Yes, to find understanding of the human condition necessarily required a truthful, ‘clear conscience’-guided, instinctual approach, not a resigned-to-living-in-denial-of-the-human-condition, alienated-from-the-truth, blocking-out-of-condemning-moral-instincts, hiding-in-Plato’s-cave, ‘intellectual’ approach. It is simply not possible to build the truth from a position of denial/lying. You can’t think effectively, insightfully, ‘prophetic[ally]’, if you’re not being honest.

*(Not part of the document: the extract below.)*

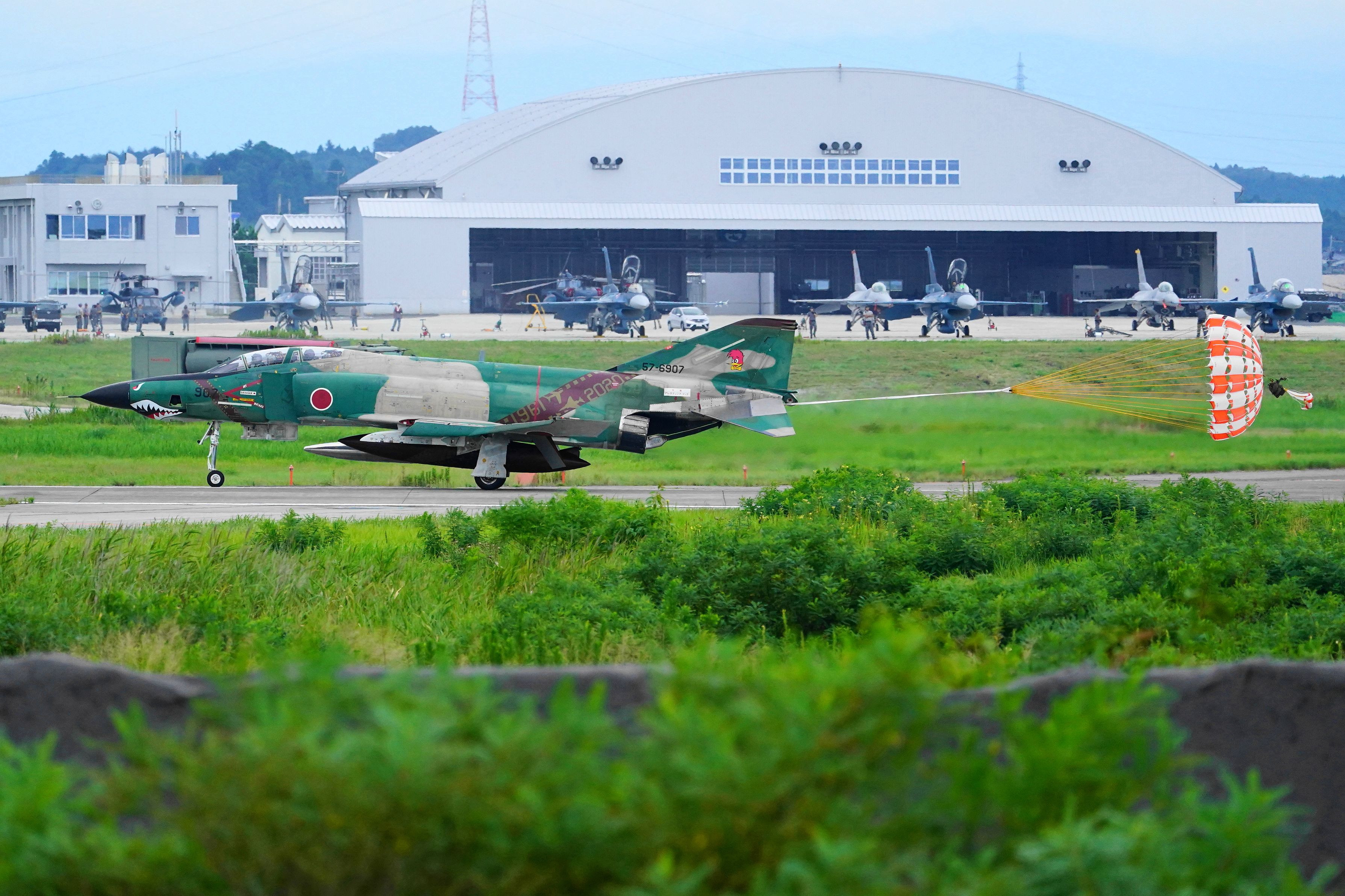 松島基地航空祭展示のため、航空祭事前訓練前日に飛来した。特別塗装のRF4。格納庫前の米太平洋空軍三沢基地所属アクロバットチームF16、三菱F2B列線前を整備員等が見守るなか、ドラックシュートを展開、着陸してきました。もう、RF4が松島基地には飛来することはないと思います。

Indeed, as I pointed out in chapter 2:12, trying to investigate reality while living in denial of any truths that brought the, for most people, ‘deadly pain[ful]’ issue of the human condition into focus, as mechanistic science has done, was an extremely compromised and deficient way of searching for knowledge. In fact, it is a measure of the blindness of human-condition-avoiding, denial-based thinking, and the effectiveness of human-condition-confronting, honest thinking, that when the whole truth about our condition is finally reached, as it now has been, it can appear so straightforward and simple that it seems self-evident. But simplicity has always been a hallmark of insightful thought—as the pioneering biologist Allan Savory observed, ‘whenever there has been a major insoluble problem for mankind, the answer, when finally found, has always been very simple’ (Holistic Resource Management, 1988, 1st edition, p.3). For instance, when Charles Darwin put forward his breakthrough, and necessarily exceptionally ‘fearless’ and truthful-thinking-based insight of natural selection, it was, in hindsight, such a simple explanation that the eminent biologist of the time, the aforementioned Thomas Huxley, was prompted to exclaim, ‘How extremely stupid not to have thought of that!’ (1887; Life and Letters of Thomas Henry Huxley Vol.1, ed. Leonard Huxley, 1900, p.170). So, yes, the author George Seaver was prescient when, in anticipating just how simple the explanation of ‘the riddle of life’s meaning and mystery’, namely the human condition, would be, he wrote that ‘The ultimate thought, the thought which holds the clue to the riddle of life’s meaning and mystery, must be the simplest thought conceivable, the most natural, the most elemental, and therefore also the most profound’ (Albert Schweitzer: The Man and His Mind, 1947, p.311).
But while the crux question facing the human race, of the much-needed clarification of the nature of ‘good and evil’, does have an amazingly simple answer, the implications of it could not be more significant, far-reaching or exciting.